EDITORIAL


https://doi.org/10.5005/jp-journals-10071-23494
Indian Journal of Critical Care Medicine
Volume 24 | Issue 7 | Year 2020

Deconstructing DISSECT—Percutaneous Tracheostomy in India


Atul P Kulkarni

Division of Critical Care Medicine, Department of Anesthesia, Critical Care and Pain, Tata Memorial Center, Homi Bhabha National Institute, Parel (E), Mumbai, Maharashtra, India

Corresponding Author: Atul P Kulkarni, Division of Critical Care Medicine, Department of Anesthesia, Critical Care and Pain, Tata Memorial Center, Homi Bhabha National Institute, Parel (E), Mumbai, Maharashtra, India, Phone: +91-22-24177049, e-mail: kaivalyaak@yahoo.co.in

How to cite this article Kulkarni AP. Deconstructing DISSECT—Percutaneous Tracheostomy in India. Indian J Crit Care Med 2020;24(7):496–497.

Source of support: Nil

Conflict of interest: None

“In God we trust, all others must bring data.”

W. Edwards Deming

The word tracheostomy originated from two Greek words: the root tom-(from Greek τομή tomḗ) meaning “to cut”, and the word trachea (from Greek τραχεία tracheía). The oldest mention of tracheostomy can be found in the Hindu Medical text, RigVeda, 4,000 years back.1,2 Later, in 1550 BC, the Ebers Papyrus described tracheostomy. Surgical tracheostomy (ST) was performed for many of those afflicted during the 1952 Copenhagen polio epidemic, sadly all 15 patients who had tracheostomy died.3

Sanctorius, an Italian surgeon, was probably the first to perform percutaneous tracheostomy in the 16th century, however, it was Sheldon who used the word ‘percutaneous tracheostomy’ in 1955.4 We started performing percutaneous dilatational tracheostomy (PDT) in India in mid-90s, initially using the Grigg’s technique. Over the last 2 decades, percutaneous tracheostomy is being increasingly done in most Indian ICUs, safely, even in coagulopathic patients.5,6

In this issue of IJCCM, Gupta et al., report the results of DISSECT, a multicenter prospective observational study of PDTs, carried out over 3 months in Indian ICUs.7 Nine hundred twenty three tracheostomies were performed in 67 ICUs, majority being percutaneous tracheostomies (72.6%). Single dilator technique (60%) was the commonest technique, followed by the Guide-wire Dilating Forceps (GWDF) (29%) and Ciaglia, multiple dilator technique (11%). Most intensivists (58%) performed PDT without using either fiberoptic bronchoscopy (28%) or ultrasonography (14%) for guidance. PDT was done faster than ST, and hemorrhage or desaturation occurred less often with PDT. The authors reported that cost, as reported by the participants, was lower for PDT.
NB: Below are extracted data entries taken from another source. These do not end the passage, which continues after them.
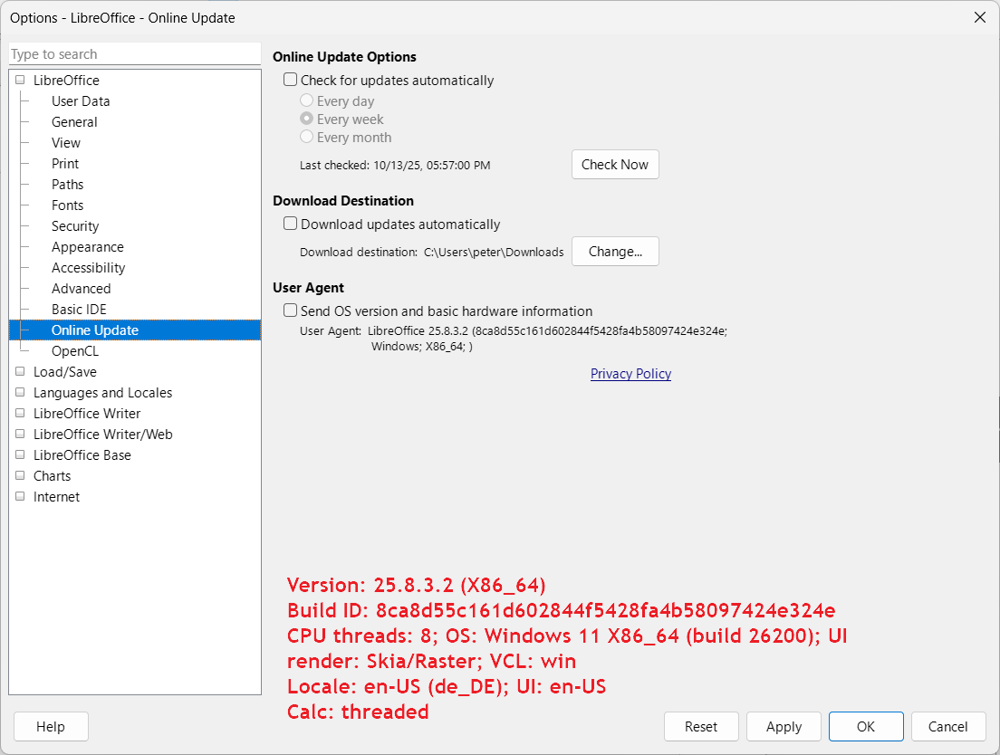 I just installed LibreOffice_25.8.3.2_Win_x86-64 on a brand new Windows 10 Pro setup. I unchecked the automatic updates as usual. When I started LO, the first thing it did was try to connect to the update server.
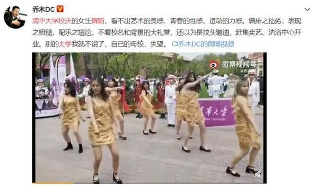 “清华校庆都出现了低俗艳舞,不得不说是清华在退步;”
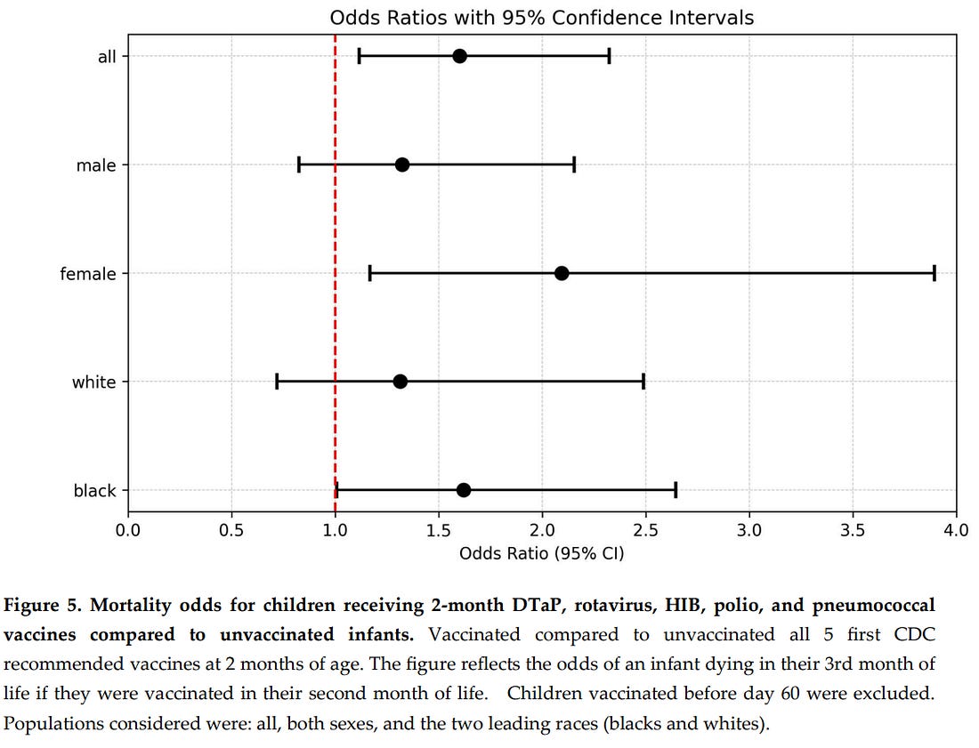 Infants vaccinated at 2 months showed consistently higher odds of death in the following month, with statistically significant risk increases spanning individual vaccines, cumulative exposure, sex, race, and combination products.
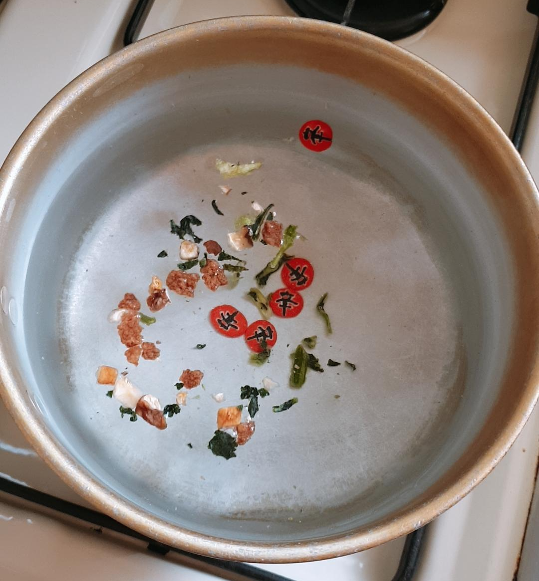 약간의 물(봉지에는 4숟갈이라고 적혀 있다)만 남기고 물은 버린다.
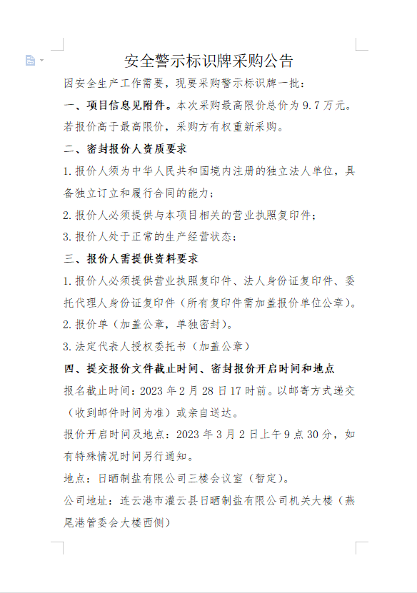 安全警示標(biāo)識(shí)牌采購公告
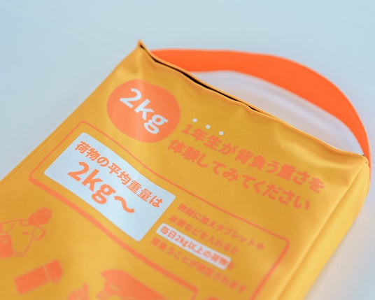 2.ぷにぷにの肩ベルト「楽ッション」を触って・背負ってラクラク体験
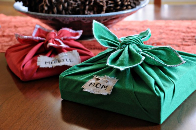 Подарок, обёрнутый тканью, необычно и оригинально выглядит. Можно просто использовать отрезок, обернуть плотную коробку, придать форму узелка или пошить красивый мешочек с застёжкой. В качестве декора используют пуговицы, бирки из фетра, пряжу, ленты. Красиво смотрится плетёная корзинка, обёрнутая льняной тканью. Таким способом можно преподнести презент в виде овощных композиций.

This study for the first time reports the increasing preference of Indian intensivists for PDTs in their patients. A similar trend was reported for the period 2007–2014 in USA, where the no. of tracheostomies performed by the pulmonary and critical care physicians increased from 7.2% in 2007 to 14.1% in 2014.8 The tracheostomies were performed by pulmonary and critical care/CC physicians more often if they worked in large hospitals (>500 beds) and in major academic centers. Though we do not have data earlier than the DISSECT study from India, the large case series from Kumar et al., gives a similar signal from India.6

Apart from the limitations mentioned by the authors, there are other limitations to this data. That PDT is a safe procedure is generally accepted. However, PDT has some limitations. In DISSECT, there were patients where PDT was not performed, due to reasons such as absence of adequate skill, admitting consultant opinion, coagulopathy, PDT cost thought to be high, short neck, FOB or USG not being available. Disregarding coagulopathy and admitting consultant opinions as the reason for not doing PDT, literature shows that the operator may face technical difficulties during PDT. In a systematic review comparing PDT vs. ST, Klotz et al., looked at perioperative and postoperative complications.9 Both techniques were safe with low incidence of complications. However, the rate of technical difficulties with PDT was higher (7.3%) compared with ST (1.8%). The risk difference between the two techniques was 0.04 (95% CI 0.01–0.08, p = 0.01). Twelve cases in the PDT group had to be converted to ST because of technical difficulties (1.7%). Putensen et al. reported 4 main types of technical difficulties in their systematic review, difficult insertion, difficult dilatation, both difficult insertion and dilatation and false passage. The OR for technical difficulties with PDT was 4.58 (95% CI 2.21–9.47, p < 0.0001).10

We need to be cautious while accepting that cost of PDT is lower than surgical tracheostomy, based on DISSECT study alone.7 The study was not actually designed to look at the costs and these were not actually measured, which in in itself is not easy to do. You have to take into account apart from the cost of the disposables, the costs of manpower (amount of time spent per individual who performed PDT), the cost of other equipment (disposable and reusable i.e., FOB or USG), the cost of drugs used, cost of platelet transfusion, etc. The previous studies concluding PDT to be cheaper bank on two facts: need for operating room time and the surgical charges, which are both not applicable to the PDT at the bedside. Levin et al. compared the costs of ST performed in OT or ICU with PDT.11 They found that the costs of ST in OT (2071$) and ICU (1997$), which included OT, surgical and anesthesia charges and staff charges, were nearly same. The surgeon charges were the same for PDT, however, there were no anesthesia or staff charges and reduced equipment charges. Due to additional cost of bronchoscopy (628$), the total charge, even for PDT was 1632$. They estimated that if the ST were done at the bedside, without anesthesia charges, it would be cheaper (1542$). Pattnaik et al. showed in over 300 patients that PDT can be done safely without fiberoptic guidance, while Kumar et al. found that PDT can be performed safely even in coagulopathic patients.5,6 In contrast, a recent study reported that while it was safe to do PDT without the bronchoscope, use of the bronchoscope was significantly associated with complications (adjusted OR, 6.7; 95% CI, 1.3–43.4; p = 0.04) after adjusting for other factors. This is surprising to say the least and needs to be confirmed in other studies. Overall it appears that PDT can be done at the bedside even without FOB or real-time USG. A prospective study is therefore needed to ascertain the exact cost benefit conferred by a bedside PDT.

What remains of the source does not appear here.